Writer and physicist
Russell Targ discussed his involvement in creating the Remote Viewing program at the Stanford Research Institute (SRI) during the Cold War, as well as various remote viewing applications and experiments. After two decades of research at SRI, they demonstrated that ordinary people visiting their laboratory could learn to accurately describe and experience what was going on at distant places, and that in fact, with practice most people can learn to "remote view."
After learning the skill from psychic Ingo Swann, he and Hal Puthoff trained a team of Army Intelligence officers in the 1970s, and under a classified program, they were given directives by the CIA to find and gather information on operational targets, particularly about the Soviets. They also looked at the Chinese, atomic bomb tests, and the American hostages in Iran. Interestingly, during this time the Russians were interested in remote behavior modification, such as getting an American leader to misspeak, but it was unknown how successful they were in that regard, he reported. While providing their findings to the government who was funding the program, Targ was also able to publish his research about the validity of ESP in peer journals, though at the time they had to keep the military involvement a secret.
A remote viewing experiment was conducted by Targ on the air. He placed an object behind him on a chair, and asked listeners to sketch what they saw in their mind on paper, without being analytical or naming it at first. It turned out to be a globe of the world placed on a tall, conical wooden pedestal, and several people emailed somewhat accurate descriptions of it before Russell announced what it was.
Biography:
Russell Targ is a physicist and author who was a pioneer in the development of the laser and laser applications. He was also co-founder of the previously secret Stanford Research Institute's investigation into psychic abilities in the 1970s and 1980s. His work in this new area, called remote viewing, was published in Nature, The Proceedings of the Institute of Electrical and Electronics Engineers (IEEE) and the Proceedings of the American Association for the Advancement of Science.
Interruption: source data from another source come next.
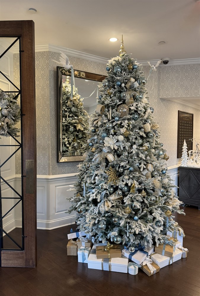The highlight of the entry way for a seaside country club, this tree's design is inspired by the club's logo, a bird in flight over a serene blue sea. Vickerman's ornaments provided the perfect palette with stunning magnolia accents. Beautiful 9" and 11" feathered doves help dress the tree with velvet ribbons.
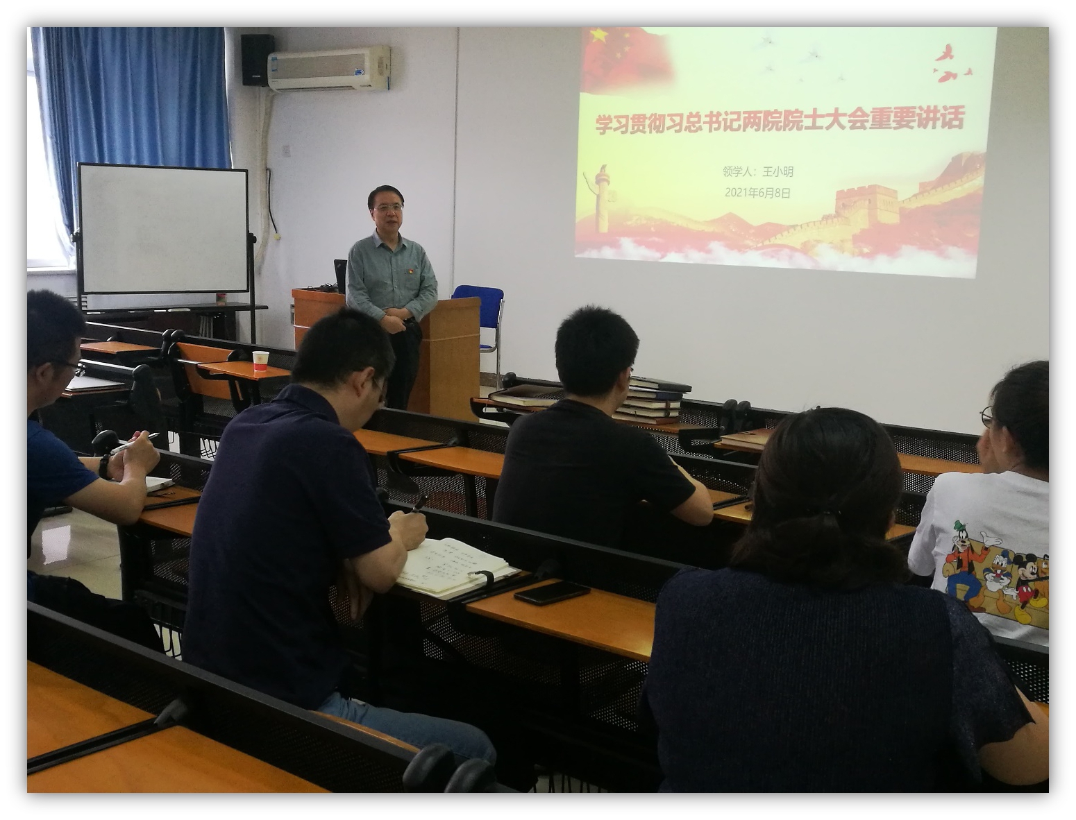 党课内容围绕习近平总书记两院院士大会上的重要讲话展开。王小明同志介绍了在党的领导下我国取得的重要科技进展和加快科技强国建设战略,结合本学科发展他进一步指出我们需增强使命感、责任感和紧迫感;在工作中,我们要落实总书记号召,直面问题、迎难而上,把科教兴国战略落实到具体工作中,为基础教育培育德智体美劳全面发展的卓越信息技术教育人才,为人才强国战略、创新驱动发展战略贡献力量。
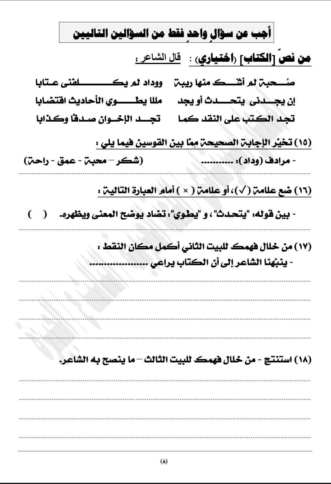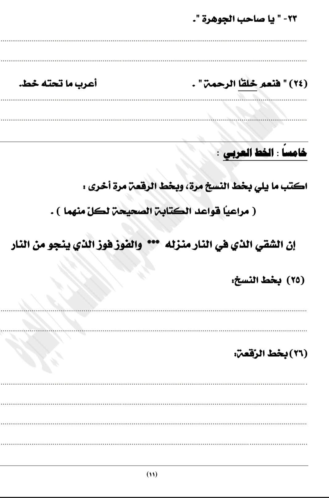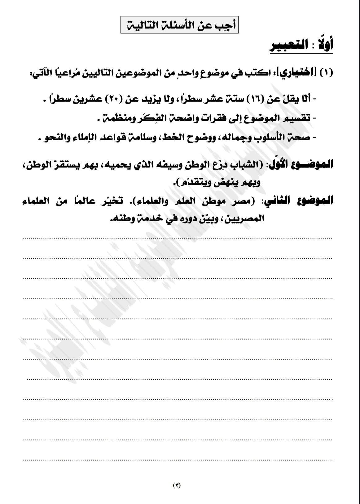 النماذج الاسترشادية للصف الثالث الإعدادي 2026 عربي
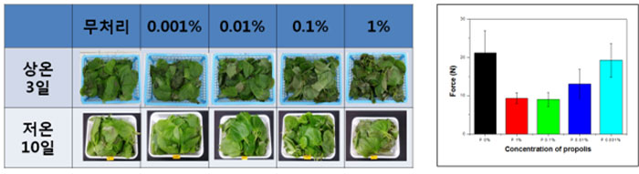프로폴리스는 꿀벌이 침이나 분비물에 나무, 꽃, 풀 등에서 나오는 진액을 섞어 만든 물질로 항균, 항염, 면역 증강, 항산화 작용 등을 하는 것으로 알려져 있다. 프로폴리스는 건강기능식품으로 항산화 효과에 대한 효능이 등록돼 있으며, 이로 인해 엽채류의 신선도가 유지되는 것으로 판단된다.
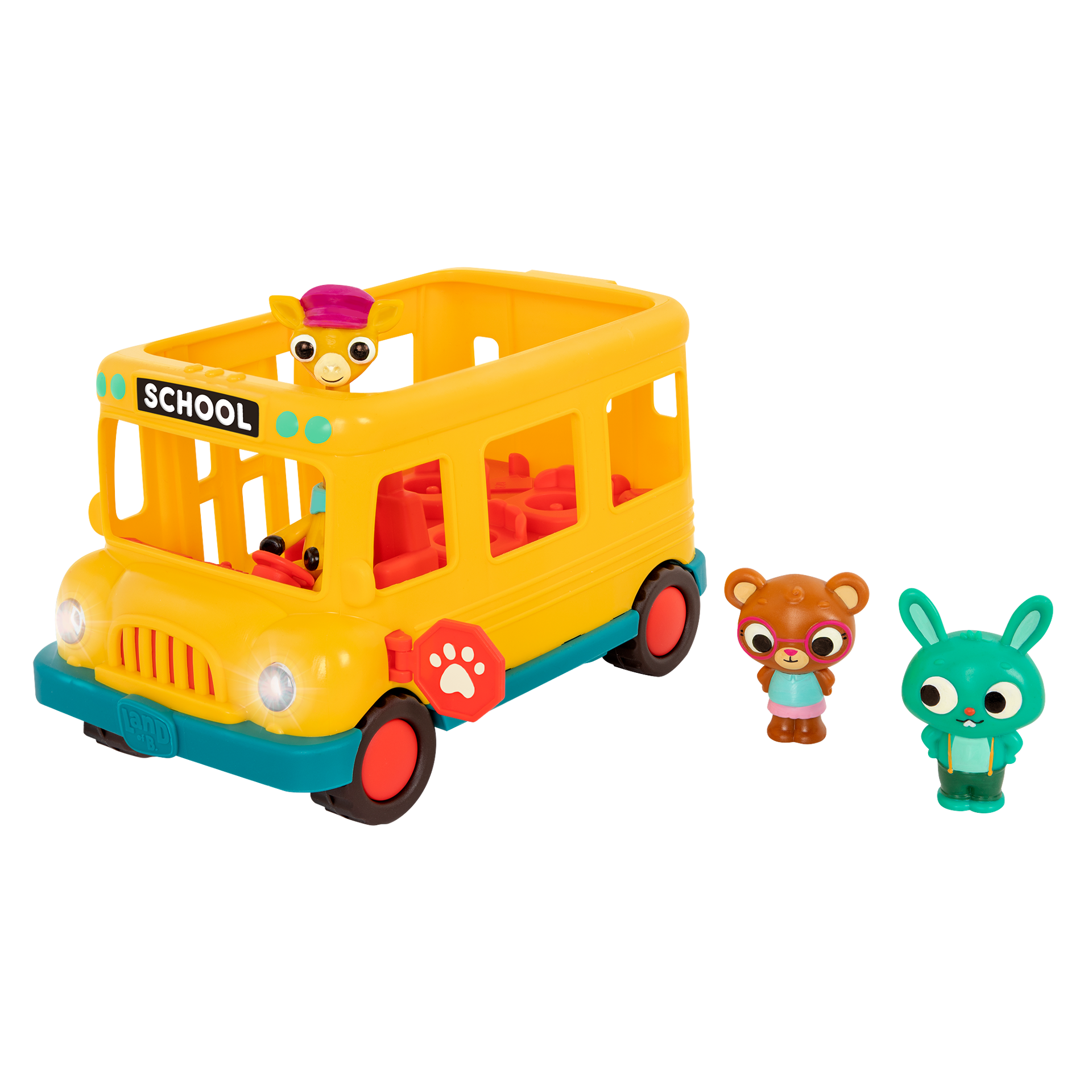 Скокајте, пејте заедно и одете до училиште во школскиот автобус на Бони од B. toys! Возете се до некоја попатна автобуска станица, отворете го знакот за застанување, отворете ја вратата и оставете ги двајцата студенти да се качат во автобусот. Додека се брзате да стигнете на час, притиснете на главата на Бони за светла и звуци и пејте заедно со The Wheels on the Bus Go Round and Round. Возете до училиште и гледајте ги учениците како се забавуваат додека одите! Забавните карактеристики на овој музички автобус поттикнуваат сетилен развој и промовираат креативна игра.
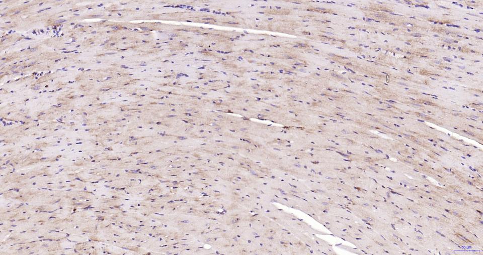 Paraformaldehyde-fixed, paraffin embedded Mouse Heart; Antigen retrieval by boiling in sodium citrate buffer (pH6.0) for 15 min; Antibody incubation with Nrf2 Monoclonal Antibody, Unconjugated(bsm-61093R) at 1:200 overnight at 4°C, followed by conjugation to the SP Kit (Rabbit, SP-0023) and DAB (C-0010) staining.
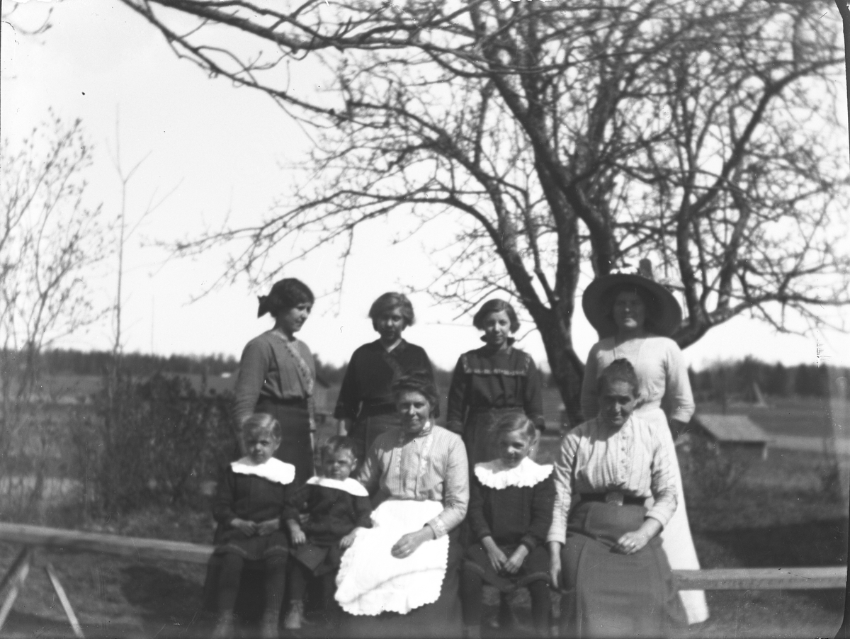 Åsmundshyttan nummer 6 "Matsas". Stående från vänster Anna Lindqvist f. 10 augusti 1895, Signe Lindqvist f. 21 juni 1894, Berta Lindqvist f. 29 augusti 1898, okänd kvinna. Sittandes från vänster Astrid Lindqvist f. 2 november 1907, Gustav Lindqvist f. 31 januari 1911, husmor Brita Stina (Briten) Nilsson-Lindqvist f. 19 juli 1869, d. 18 juli 1939, Elsa Lindqvist f. 17 juni 1905 och svärmor Brita Stina Ersdotter f. 7 januari 1849, d. 23 juli 1924 (född på gården).
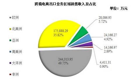 公司跨境电商出口业务的主要销售区域为欧洲和北美洲,在当地拥有一定的规模和品牌优势。报告期内,欧洲和北美洲占公司跨境电商出口业务收入的比例为49.75%和35.82%,两者合计占跨境电商出口业务收入的85.57%。
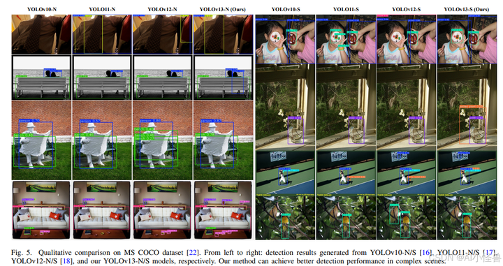 图 5 展示了在 MS COCO 数据集上的定性比较结果。我们提出的 YOLOv13 模型与现有的 YOLOv10[16]、YOLO11[17] 和 YOLOv12[18] 模型进行了比较。从图中可以看出,我们的 YOLOv13 模型在复杂场景中能够实现更准确的检测性能。具体而言,如图 5 左侧最后一行所示,我们的 YOLOv13-N 模型能够在复杂的多目标场景中准确检测物体。相比之下,之前的模型会遗漏像碗和花瓶这样的小物体。这是由于我们提出的 HyperACE 能够在多个相关物体之间建立高阶关联,从而在复杂场景中准确检测多个目标。如右侧第二行所示,只有我们的方法成功检测到了花瓶后面的植物,这是一种具有挑战性的情况。直观来看,花瓶和植物之间的关联性很强,这导致植物出现的概率很高。我们的方法可以通过挖掘这种潜在关联来实现准确检测。如右侧第三行所示,我们的方法能够准确检测运动员持有的网球拍,而之前的方法要么遗漏了它,要么错误地检测到了阴影。这些定性结果证明了我们提出的方法的有效性。
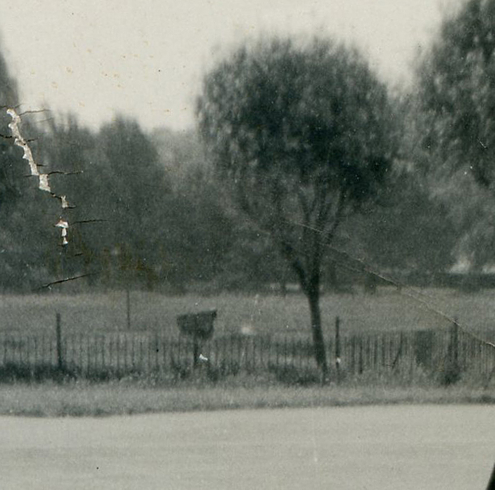 As lovely as the image is, I was immediately drawn to what I could see in the background, and the crops below give up a little more detail. The first of which showing the back wall of one of the toilet blocks, which were demolished well before I attended the school in the 1980’s, and and what looks like a gravestone is actually one of a pair of drinking fountains. Apparently the boys used to like leaving a frog in the one used by the girls, which is a lot nicer than what some of the boys used to do in the newer drinking fountains that were in the playground when I was a kid! Also of interest is a small building in the middle distance that stands not too far from where the modern-day BMX track is situated at the back of Sloughbottom Park. This small building was connected to a gravel pit that was still in use at the time and the wall or fence that can be seen in front of it was a lane that ran towards it from the bottom of Parr Road. something until now I’d only ever seen on a map, and something I’d never imagine I’d ever see a photograph of.
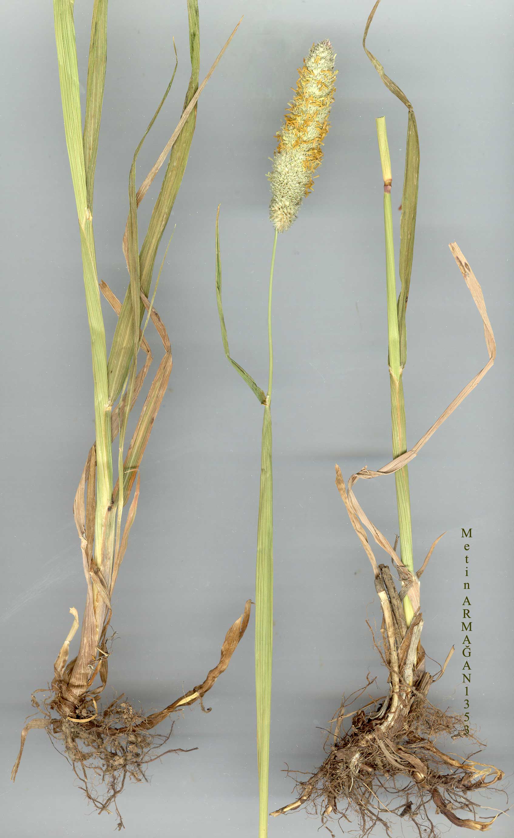 | A. arundinaceus Poiret in Lam., Encyl. 8:776 (1808). Syn:A. ventricosa Pers., Syn. Pl. 1:80 (1805) non Hudson (1778); A. nigricans Hornem., Hort. Hafn. 1:68 (1813)! A. pratensis L. var. armenus C. Koch in Linnaea 21:381 (1848);A. armenus (C. Koch)Grossh., Fl.Kavk. ed. 2, 1:173(1939);A. arun-dinaceus Poiret subsp. armenus (C. Koch) Tzvelev in Novit. Syst. Pl. Vasc. (Leningrad) 8:18 (1971). Ic: Zangheri, Fl.Ital. 2: t. 183 f. 6670(1976). Map 72. Perennial, with creeping rhizomes. Stems 23-105 cm, usually erect, some-times geniculately ascending from base, 2-noded. Leaf sheaths glabrous to slightly hairy, inflated; ligule 1.5-5 mm, obtuse-truncate; blades 2.5-4.5 cm x 3-10 mm, linear, acuminate, scabrid on margins and somewhat on upper sur-face. Panicle 1.7-7 cm x 6-14 mm, broadly cylindrical, green to purplish. Spikelets 3.5-7 mm, urceolate. Glumes lanceolate, acute, diverging at apex, connate for 1/4 of their length, ciliate on keels. Lemma 3.5-5.8 mm, ovate, obliquely truncate, with a subdorsal awn; awn 1.5-7.5 mm, somewhat genic-ulate and twisted below but usually rather slender and variously curved. Anthers 3-3.6 mm. Fl. 4-8. Marshy ground, water meadows, cultivated land, roadsides, ditches, s.1.-3050 m. Type: [France] cette plant est cultivee au Jardin desPlantes de Paris,Poiret (holo. P-Desf.). Widespread, rare in S. Anatolia. A2(E) Istanbul: Topkapi to Maltepe, 28 v 1913, Azn.! A3 Bolu: Köroglu Da., 1800 m, Akman 6381! A4 Çankiri: Eldi-van Da., 1200 m, A. Baytop (İSTE 35225)! A5 Amasya: 10 km from Merzi-fon to Çorum, A. Baytop (İSTE 9121)! A7 Gümüşane: Aktaş, Sint. 1894: 6161! A8 Rize: Pontus Lazicus, 1830 m, 1866, Bal. A9 Kars: mts. E. of [376] Kağizman, N. side of pass between Akçay and Cumaçay, 2350 m, D. 46773! Bl Manisa: Manisa Da., A. Baytop (İSTE 9923)! B3 Eskişehir: Sündiken Da., Kuzuculu G., 1500 m, Ekim 526! B4 Ankara: 64 km S. of Ankara towards Konya, 1100 m, Coode & Jones 93! B5 Yozgat: 20 km N. of Himmetdede, 1200 m, Coode & Jones 1480! B6 Sivas: Sivas, 1200 m, Stn. & Hend. 5364! B7 Elaziğ: 13 km from Elaziğ to Hazar G., 850 m, D. 28984! B8 Erzurum: 29 km from Hinis to Pasinler, 1800 m, D. 46417! Muş: Muş, 1160m, C. Koch (type of A. pratensis var. armenus). B9 Van: d. Gevaş, Artos Da., 3050 m, D. 22855! B10 Ağri: nr Doğubayazit, 1585 m, D.M. Brown 504! C2 Denizli: Honaz Da., Atalan Y., 1550 m, Tuzlaci (İSTE 26605)! C3 Konya: Konya Kara Çayiri, Birand 133! C4 Konya: Konya to Karapinar, 1 km E. of Yarma, 1000 m, Holtz 00.597 et al.! C6 Maraş: Koyunoluk Da. to Delihubek Da., 1000 m, D. 27020! C7 Urfa: d. Siverek, W. foot of Karaca Da., 1000 m, D. 28325! C10 Hakkari: Yüksekova, 1950 m, D. 45854! Temperate Eurasia. Euro-Sib, element. Variable in hairiness of glumes. Most closely allied to A. pratensis, from which it differs by its long creeping rhizomes, obliquely truncate lemma apex and divergent glumes with long hairs on the keels. The palea is normally absent, but in one specimen from B6 Sivas (Sivas to Tatlica, 1500 m, Tobey 1679!) a palea is present. This specimen requires further investigation. |

Russell did graduate work in physics at Columbia University, and is co-author of six books dealing with the scientific investigation of psychic abilities. In 1997, he retired from Lockheed Martin Missiles & Space Co. as a senior staff scientist. He now pursues ESP research in Palo Alto, California, and is also publishing special editions of classic books in psychical research.
Wikipedia
Extrasensory perception (ESP) involves reception of information not gained through the recognized physical senses but sensed with the mind. The term was adopted by Duke University psychologist J. B. Rhine to denote psychic abilities such as telepathy, clairaudience, and clairvoyance, and their trans-temporal operation as precognition or retrocognition. ESP is also sometimes casually referred to as a sixth sense, gut instinct or hunch, which are historical English idioms. It is also sometimes referred to as intuition. The term implies acquisition of information by means external to the basic limiting assumptions of science, such as that organisms can only receive information from the past to the present.
Parapsychology is the pseudoscientific[1] study of paranormal psychic phenomena, including ESP. Parapsychologists generally regard such tests as the ganzfeld experiment as providing compelling evidence for the existence of ESP. The scientific community rejects ESP due to the absence of an evidence base, the lack of a theory which would explain ESP, and the lack of experimental techniques which can provide reliably positive results.